Пока взводный стрелял из пулемета, мы, все четыре взвода, сбившись в толпу, побежали по шоссе вперед. Мы заходили к немцам в тыл, мы теперь увидели увалы с тыла. Немцы, перебежав шоссе, падали, оставались лежать недвижно или, встав, бежали дальше. Мы кричали, улюлюкали, передние стреляли на ходу. И вдруг увидели слева еще двух немцев, они, видно, отстали и пустились к шоссе последними. По ним стреляли, но не попадали. И тут Шалаев отдал сумку с дисками Музафарову и прытко рванулся наперерез немцам. Те бежали по рыхлой пашне, по мягкому снегу, им было трудно бежать, один уже выбился из сил, стал отставать, а Шалаев чесал по твердому асфальту. Когда он стал приближаться к впереди бегущему немцу, опережая его на дороге, тот выхватил пистолет и на бегу выпустил в Шалаева несколько пуль. Шалаев замешкался только на секунду, что-то заорал и, видно, невредимый, пустился дальше. А второй немец вдруг поднял руки и побежал в нашу сторону. Тот, передний немец, еще несколько раз стрельнул на бегу в Шалаева и, кажется, опять промазал. Шалаев настиг его, когда тот уже перебежал шоссе, догнал, ударил, что-то вырвал у него из руки и, ударив еще, стал пинками гнать по дороге в нашу сторону. Второй немец приближался к нам.
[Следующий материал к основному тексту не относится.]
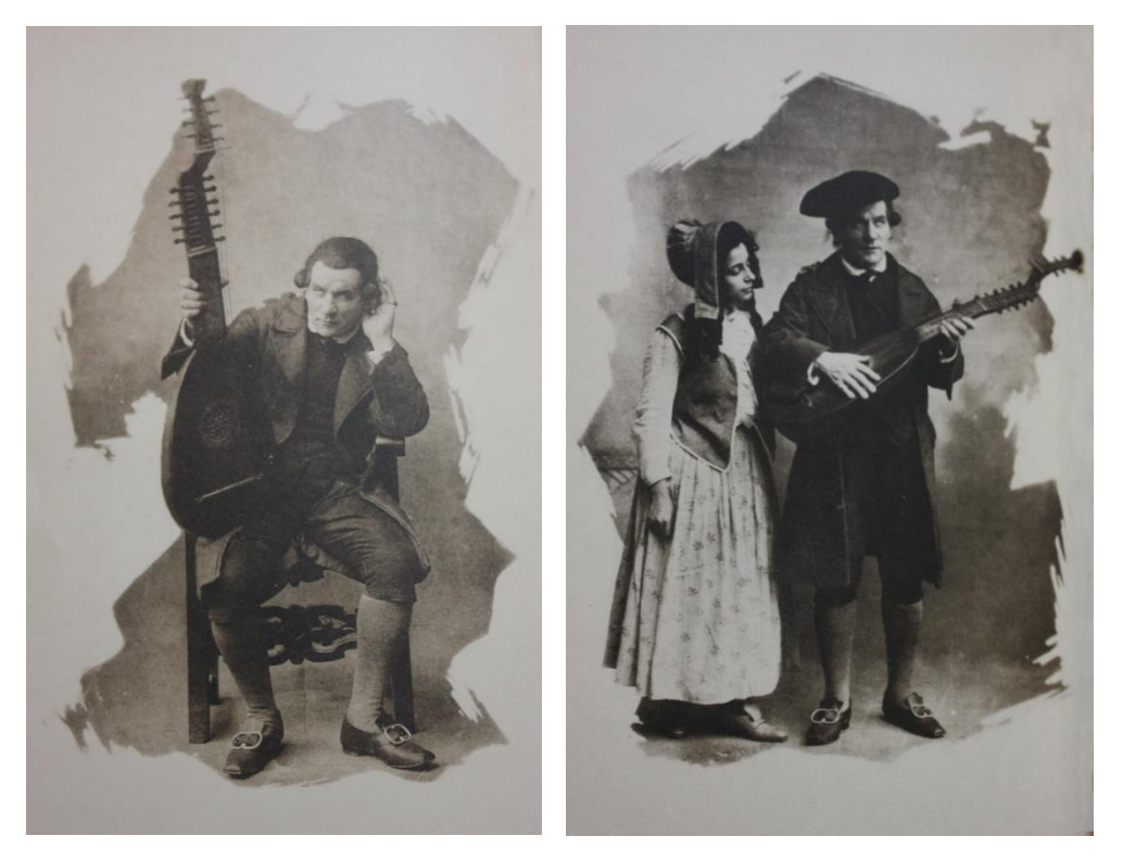
Figs. 23-24. photos from A. ROSTER, Fra le disturne e i canti. Scene della vita di Domenico Somigli detto Beco Sudicio , Firenze, Bemporad, 1910 [1911 in the front cover].

– Я француз, я француз, я француз! – выкрикивал он по-русски.
Это был тощий, грязный солдат в поношенной шинелишке. Худое лицо его густо заросло темной щетиной, большие серые глаза смотрели затравленно, дико. Голова была обмотана то ли куском строго байкового одеяла, то ли ветхим шерстяным платком, поверх платка нахлобучена каска, за спиной был ранец. Я знал, видел как-то: в этом ранце у него бритва, полотенце, вакса и обязательная сапожная щетка. Он подошел к нам и, не опуская рук, все повторял и повторял свое: «Я француз!» Мы окружили его и стали разглядывать с любопытством («вот так фриц!») и с презрением («довоевался!»).
– Теперь все они французы, – сказал кто-то из второго взвода.
– Один тоже под Августовом: «Я коммунист, я коммунист!» Бумажку совал, партбилет старый, его или у убитого взял, кто его знает, но партбилет настоящий, серп и молот, хотя все по-немецки. Комэска ему: «Какого хрена против нас воюешь, если ты коммунист?!» Гитлер, говорит, заставил.
– Ну, чего с ним? – спросил я.
– Чего? Обниматься, что ли, с ним? В плен пошел.
Между тем к нам подошел Шалаев со своим фрицем, а с тыла нас догнали комэска и старший лейтенант Ковригин. Комэска сперва обратил внимание на «француза».
– Я француз, я француз! – все повторял немец, всматриваясь в комэска с мольбой обреченного.
– Может, эльзасец? – сказал Ковригин. – Таких мы брали в плен.
– Йа, йа, Эльзас, Эльзас-Лотарингия! – шумно обрадовался фриц, и в его затравленных глазах затеплилась надежда.
Комэска, выпивший малость, смотрел на пленного тяжелым взглядом влажных и как будто чуть заплаканных глаз.
– Что мне с тобой делать, француз? – комэска подумал и махнул рукоятью плетки в сторону нашего тыла. – Топай давай в плен, ищи комендатуру!
– Йа, йа, комендатура! – эльзасец, видно, все еще никак не мог поверить, что русские его не расстреляют, он неуверенно опустил руки, потоптался на месте, улыбаясь опасливо-заискивающе, затем пошел как-то бочком-бочком; пройдя немного, снял с головы каску, швырнул в кювет и зашагал, почти побежал по дороге.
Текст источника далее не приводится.